Healthy foods that improve your mood and lower stress
You might be surprised to learn that certain nutrients in foods have been shown to reduce anxiety or spur the release of neurotransmitters such as serotonin and dopamine.
People are feeling a lot of stress right now, and the unfortunate reality is that stress worsens feelings of low mood or angst, and it also suppresses our immune systems. Therefore, targeting immune-boosting foods will have a dual effect — you may feel less anxious and boost your immunity.
The COVID-19 pandemic has been challenging for everyone, and the increased anxiety and boredom caused many people to abandon their healthy eating intentions and snack on whatever is around.
Processed snacks worsen mood and anxiety
A few pretzels or chips are okay, but many people may not be able to step away from eating the entire bag once it’s open.
Also, if you’re already feeling blue, the quick fix of cookies or cake will ultimately make you feel worse.
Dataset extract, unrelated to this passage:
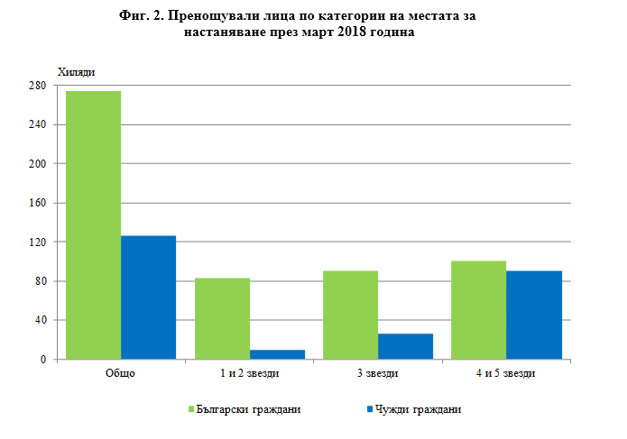 Броят на пренощувалите лица в местата за настаняване през март 2018 г. се увеличава с 4.8% в сравнение със същия месец на 2017 г. и достига 400.4 хил., като е регистрирано увеличение с 5.2% при българите и с 3.9% при чужденците. Българските граждани, нощували в местата за настаняване през март 2018 г., са 274.2 хил. и са реализирали средно по 1.9 нощувки. Чуждите граждани са 126.2 хил., като 71.9% от тях са нощували в хотели с 4 и 5 звезди и са реализирали средно по 2.5 нощувки
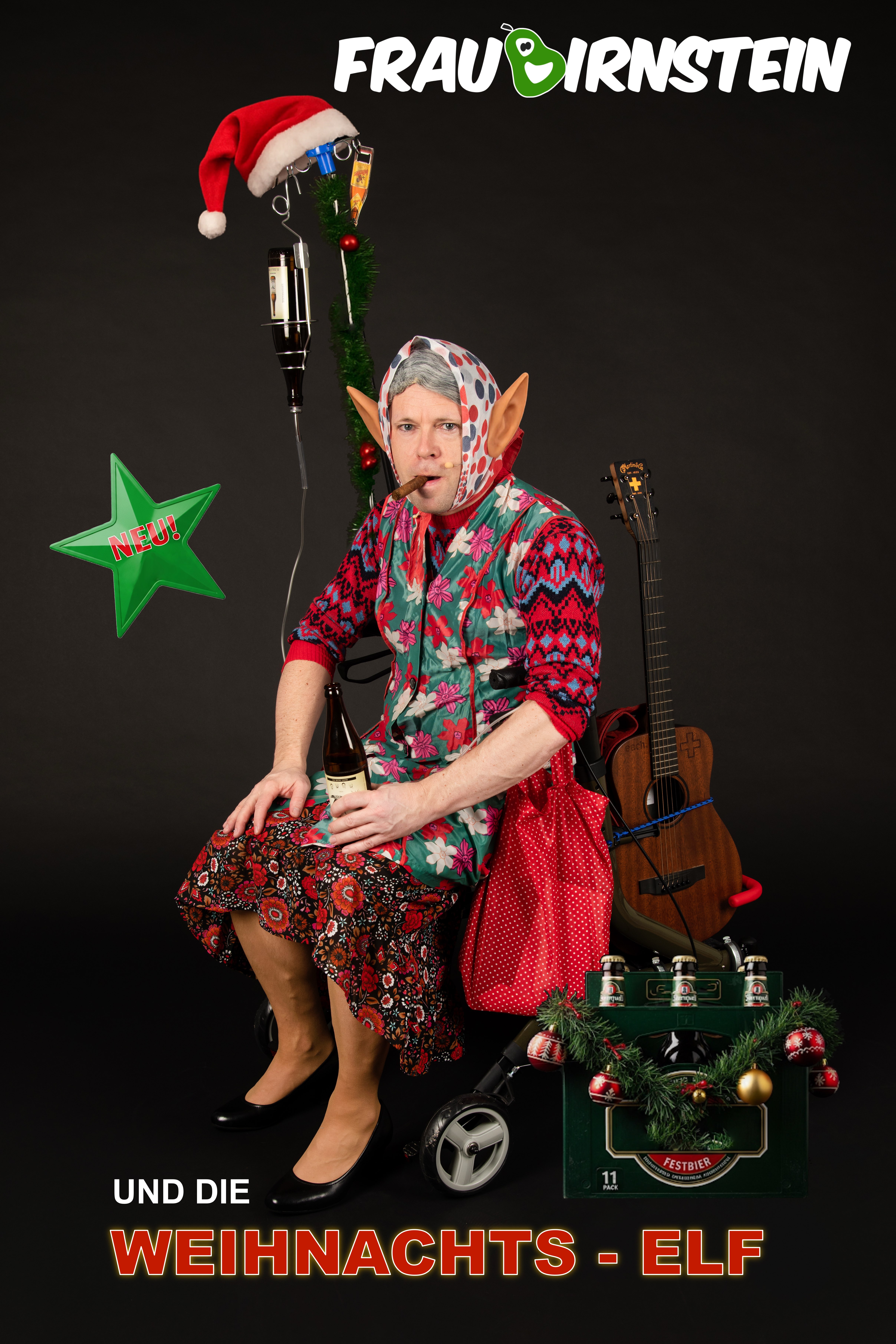 Wenn Frau Birnstein mit Elfenohren und ner Elferkiste Bier in der Gehilfe um die Ecke donnert, biegt sich jeder unter den Baum. Erlebt die verrückte Rollator-Oma in ihrem neuen Weihnachts-Comedy-Programm voller bissigem Humor, frecher Lieder und Geschichten zwischen Glühweinchaos, Geschenke-Desaster und Lebkuchenkoma.

Processed foods and shelf-stable items like baked goods contain a lot of simple carbohydrates that create a yo-yo effect on our blood sugar, which can drive anxiety and worsen mood.
Reduce anxiety and boost immunity by choosing:
Citrus fruit and red bell peppers (both rich in vitamin C, which in some studies has been shown to support your immune system)
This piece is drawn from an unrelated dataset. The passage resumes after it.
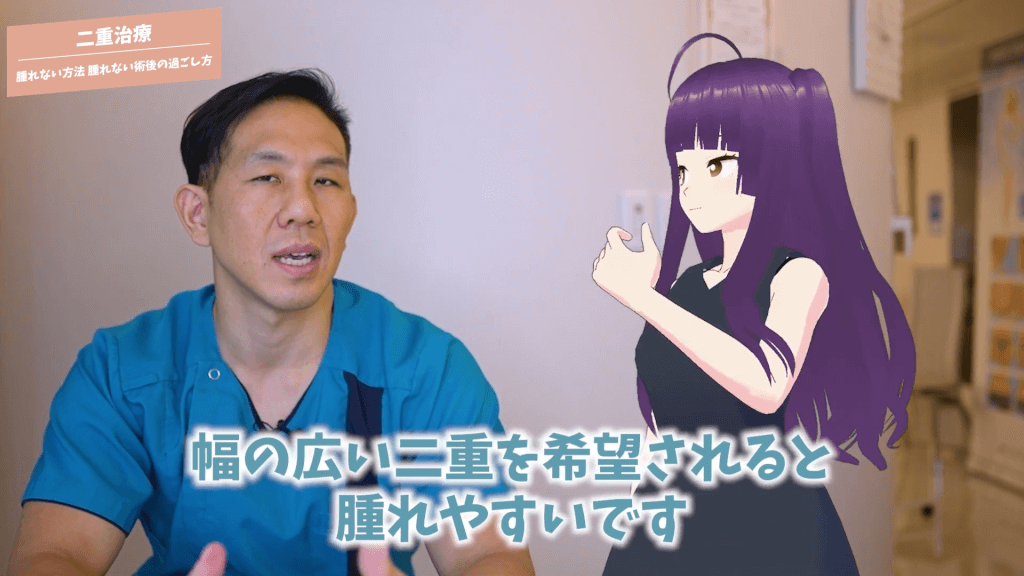 元神先生:腫れない工夫って結構難しいんですけれども、基本的な事を言うと幅の広い二重を希望されると腫れやすいです。

Spices: ginger, garlic, turmeric, and capsaicin (from chili peppers) can be easily added to soups, stews, stir-frys, or salad dressings.
Foods rich in zinc such as oysters, clams, mussels, cashews, liver, beef, and egg yolks. You may recognize zinc as an ingredient is the cold remedy Zicam, as zinc has some virus-fighting effects.
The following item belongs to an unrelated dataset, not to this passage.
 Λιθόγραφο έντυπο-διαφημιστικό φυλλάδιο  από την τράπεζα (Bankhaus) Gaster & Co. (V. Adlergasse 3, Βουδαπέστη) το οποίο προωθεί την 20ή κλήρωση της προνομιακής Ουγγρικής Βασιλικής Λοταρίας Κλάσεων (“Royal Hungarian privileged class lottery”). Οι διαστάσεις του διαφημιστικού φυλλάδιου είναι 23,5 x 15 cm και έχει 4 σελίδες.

Magnesium-rich foods may help you to feel calmer, and help support immunity. Stress can deplete our magnesium levels too. Examples are legumes, nuts, seeds, leafy greens, and whole grains.
Fatty fish like wild Alaskan salmon contains omega-3 fatty acids. A study on medical students in 2011 was one of the first to show that omega-3s may help reduce anxiety.
Eat probiotic-rich foods such as pickles, sauerkraut, miso, and kefir.
Add some antioxidants to your anti-anxiety diet, which can support your immune system.